Diagnostic radiologists can scroll through upwards of 25,000 mammography images per day in search of the smallest suspicious lesion. The task is extremely taxing and image interpretation is variable. Enter artificial intelligence (AI), which has proven so promising at one South Florida facility that physicians there are presenting outcomes data they hope will change the future of breast cancer detection.
“With AI, we are finding cancers years before we would find them without AI. This technology is having a significant impact for our patients. Because cancers are caught earlier, we are seeing that less therapy is needed. Our patients may not require chemotherapy or radiation therapy.,” says investigator Kathy Schilling, M.D., medical director of Lynn Women’s Health & Wellness Institute at Baptist Health Boca Raton Regional Hospital. The Institute is the only site in South Florida that offers iCAD AI-enhanced digital breast tomosynthesis.
An early adopter of AI, Dr. Schilling’s curiosity drove her to conduct a retrospective evaluation of the Institute’s experience. She presented those results, “Real-world Breast Cancer Screening Performance with Digital Breast Tomosynthesis Before and After Implementation of an Artificial Intelligence Detection System,” at the European Congress of Radiology meeting in Vienna on March 3.
“We have nine dedicated breast radiologists and we adopted AI in 2020 in the hopes that it would help us find more cancers,” she says. “We were already outperforming expected detection rate benchmarks from the American College of Radiology but as volumes increased, we wanted to ensure quality and increase our confidence.”

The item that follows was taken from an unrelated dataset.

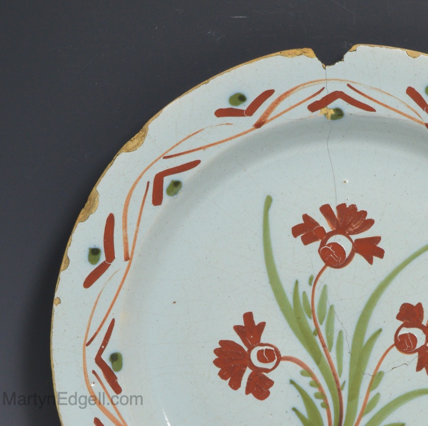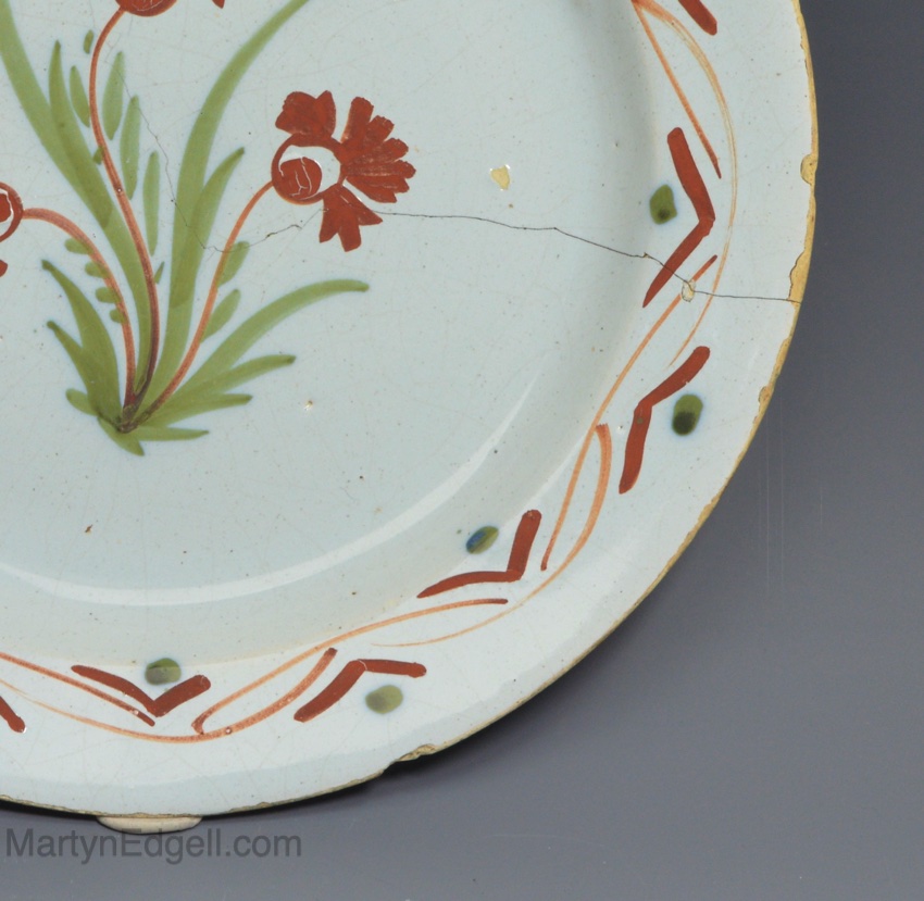 London delft pancake plate decorated with red, orange and green florals, circa 1740

Her findings were even more dramatic than she had expected. Cancer detection rates rose from 5.77/1000 women to 7.8/1000 women screened. Each of the nine radiologists improved in accuracy with a pooled increase of 23%, sensitivity increased from 81.98% to 86.47% (a 6% improvement), Ppv1 improved from 8.28% to 10.17% (a 23% increase) and there was no change in recall rate. The full abstract may be read at https://connect.myesr.org/course/impact-of-ai-on-mammography-screening/.

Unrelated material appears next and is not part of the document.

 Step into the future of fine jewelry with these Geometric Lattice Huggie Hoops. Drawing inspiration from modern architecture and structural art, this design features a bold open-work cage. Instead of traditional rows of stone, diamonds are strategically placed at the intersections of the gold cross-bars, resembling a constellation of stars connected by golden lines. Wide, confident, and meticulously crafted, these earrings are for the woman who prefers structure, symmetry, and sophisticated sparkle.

Improvements in imaging technology have led to increased demands on breast imagers, Dr. Schilling says. “When we read 2D mammograms, there were two images per breast so I would have been seeing about 400 images a day, 2,000 a week and 80,000 images a year,” she explains. “With 3D, we are seeing 1 mm slices, so up to 280 images per exam, 28,000 a day and 5.6 million images a year. You get very fatigued and mesmerized scrolling through, but you don’t want to miss a cancer.”
While AI will not eliminate the need for radiologists, Dr. Schilling says, the technology, with its deep learning tools and radiomics, makes it possible to flag suspicious areas for a more thorough investigation by the radiologist.

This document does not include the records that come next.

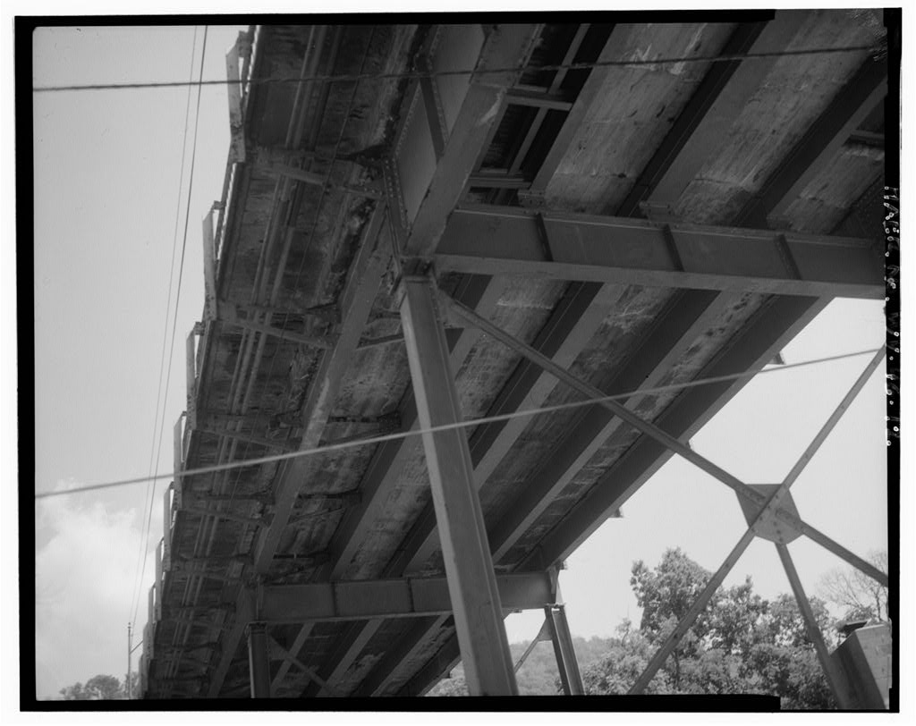 A new concrete deck replaced the original wearing surface in 1963, and a new sidewalk was constructed in 1970. 1 Deteriorated components, including diagonals, laterals, sway frames, the ends of stringers, and decking were replaced in 1985-88 to strengthen the bridge and extend its lifespan by ten years. By the 1990s, the Chelyan Bridge had only a 12-ton weight limit, down from 40 tons.
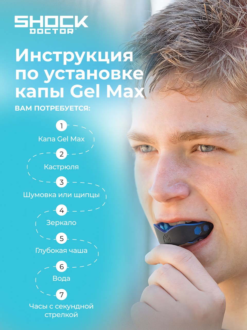 Капа спортивная защитная для рта, детская до 10 лет, ShockDoctor Gel Max Trans / Clear Youth
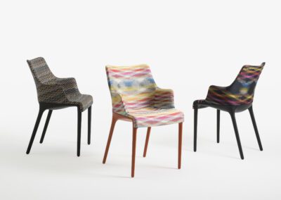 2022. Eleganza Missoni is born, the chair inspired by fashion which bears the name of Eleganza (Elegance) due to its thin and delicate line, resulting from the collaboration between Missoni and the creativity of Philippe Starck for Kartell.
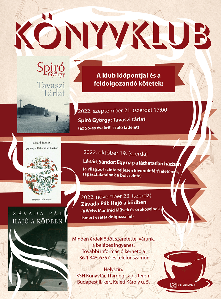 2022. október 19-én (szerdán) 17:00 órától sok szeretettel vár mindenkit a KSH Könyvtár könyvklubja, „...nekem tetszett, szeretném veletek megosztani...” címmel!
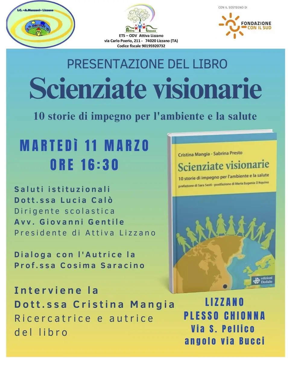 L’Associazione Attiva Lizzano, impegnata nella tutela dell’ambiente e della salute, organizza la presentazione del libro “Scienziate Visionarie“: 10 storie di impegno per la salute e l’ambiente” (Edizioni Dedalo) di Cristina Mangia e Sabrina Presto.
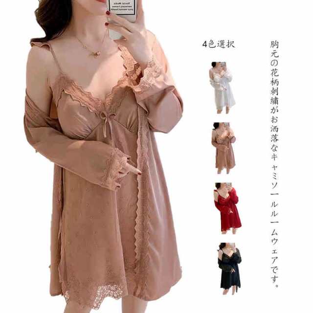 ガウン&キャミワンピ ルームウェア レース シルク風 セクシー パジャマ レディース ワンピース 長袖 ネグリジェ セットアップ ナイトウェア サテン キャミソール セット 送料無料
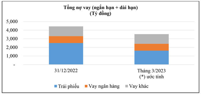 Sau khi tất toán gần 900 tỷ đồng trái phiếu trong tháng 1/2023, ước tính tổng nợ vay (ngắn hạn + dài hạn) của Phát Đạt ở mức 3.500 tỷ đồng, trong đó 46% là trái phiếu phát hành, phần lớn đáo hạn vào cuối năm 2023.
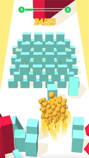 3.非常趣味欢乐的背景音乐,那些体力越大的方块撞击之后损失的人数更多,尽量避开大型障碍。
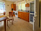 - Kitchen with living room and fireplace.

Dr. Schilling’s study is moving to the next phase, where she will investigate the size and stage of cancers upon diagnosis at Lynn Women’s Health & Wellness Institute pre- and post-AI implementation. In addition, she is the local PI for the Contrast-Enhanced Mammography Imaging Screening Trial (CMIST), a multicenter trial supported by GE Healthcare and the American College of Radiology that will study contrast-enhanced mammography in patients with dense breasts.